From a creative point of view, we are concerned about Entertainment's 2014 and 2015 slate, which lacks lucrative "tent pole" franchises. Anecdotally, we understand that its development pipeline is bleak, despite overspending on numerous projects. We are also disappointed to see that Sony's television business lacks new material and instead relies on old Merv Griffin Productions workhorses like Jeopardy and Wheel of Fortune. Entertainment has no hit network television shows, only one major syndicated network show– the Dr. Oz Show, and has missed the market for unscripted television.
Meanwhile, our research continues to reveal Entertainment's hidden value. We believe the Pictures unit profitability is anchored in higher margin (and higher multiple) international cable networks and television production, with the film business offering negligible profitability. This makes apples-to-apples comparisons with peer film studios (which lack the benefit of cable networks in those segments) even more unflattering. Nevertheless, we believe the film unit possesses considerable library cash flow value, currently masked by poor new production profitability, as well as significant asset value in its Culver City lot. Beyond the hidden value in the film business, we see meaningful value in the Music division, particularly in VEVO and GraceNote.

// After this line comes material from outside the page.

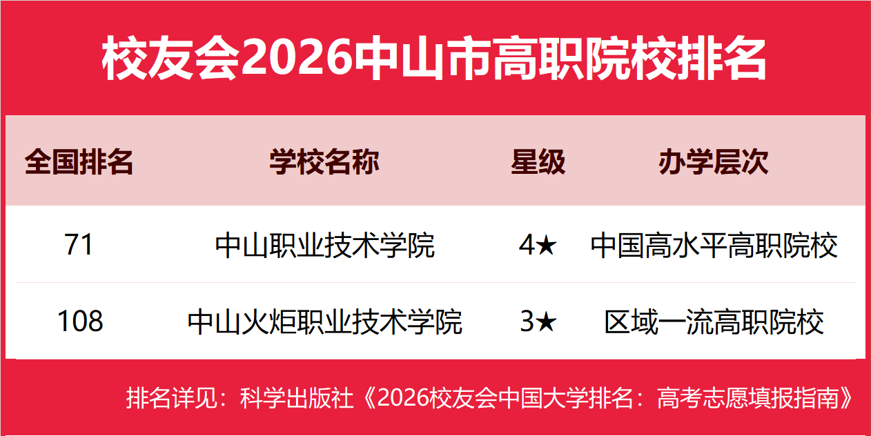 | 校友会2026中山市大学排名,电子科技大学中山学院、中山职业技术学院第一 | |||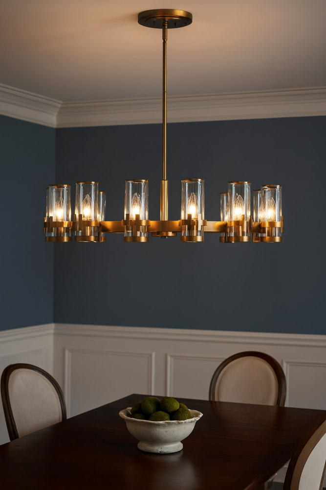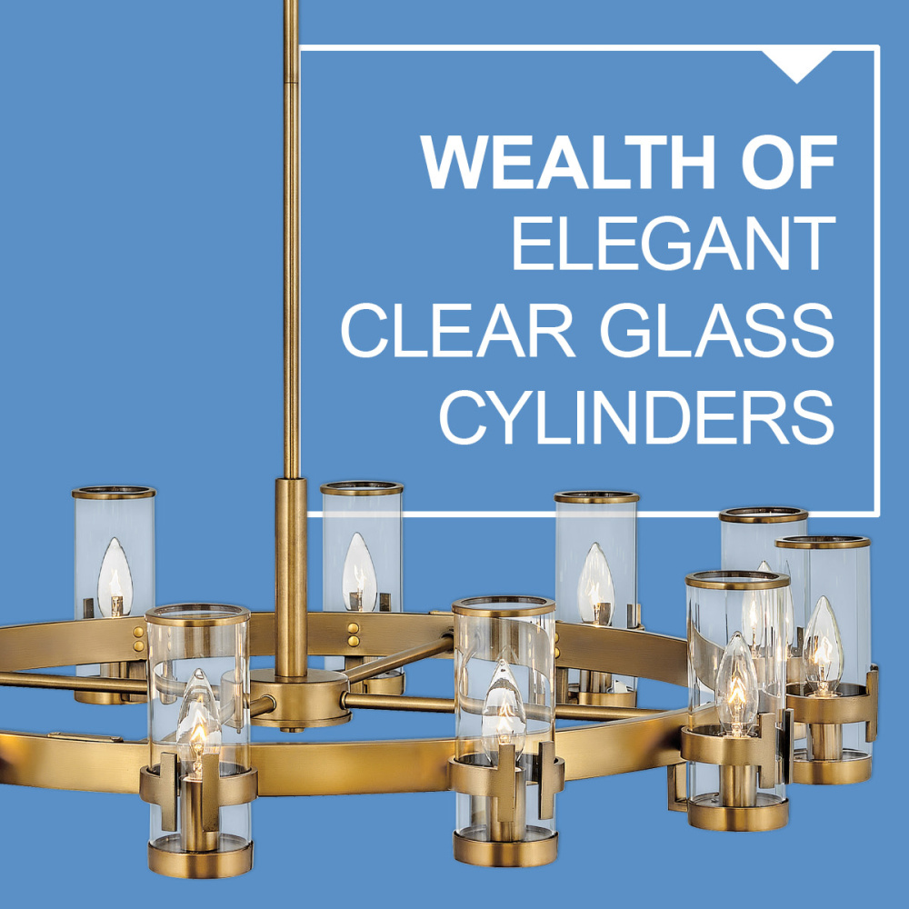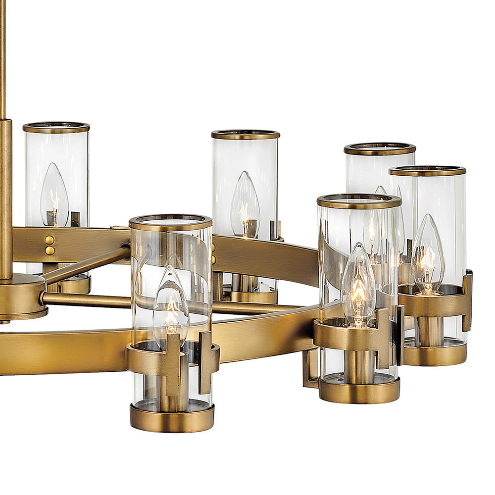 The Reeve chandelier balances sophistication with simplicity. The traditional low-profile silhouette is elevated by a wealth of elegant clear glass cylinders. Each glass is secured with a cast double-T bracelet matching the frame's luxurious finish with a corresponding metal band at the top.

Absent a major improvement in transparency and accountability, Entertainment's fortunes are unlikely to change and Sony's full potential will remain unrealized. We are continuing to study Entertainment's businesses, uncovering opportunities for improvement in strategy, culture and operations that bolster our view that it would benefit significantly from our proposal. The suggestion that the status quo of opacity, underperformance and under-management is superior to transparency, management accountability and distinct leadership seems to be based on the misguided notion that the status quo strategy has worked over the last two decades. By contrast, our proposal for a public listing of Entertainment provides investors with a compelling opportunity – offering focused leadership, direct exposure to high-value international cable networks, significant margin improvement head-room, structural catalysts, hidden asset values and capital return. The status quo offers Sony and its shareholders only more of the same unfulfilled potential.
While CEO Hirai focuses on Electronics, Entertainment is in desperate need of proper supervision. We believe Sony's Board, which we understand continues to consider our suggestions, has plenty of reasons to worry about Entertainment and should enact our partial listing proposal quickly. A resurgent Electronics combined with a well-managed, publicly-listed Entertainment business would make for a stronger Sony and offer tremendous value for shareholders.
From Third Point's second quarter 2013 letter.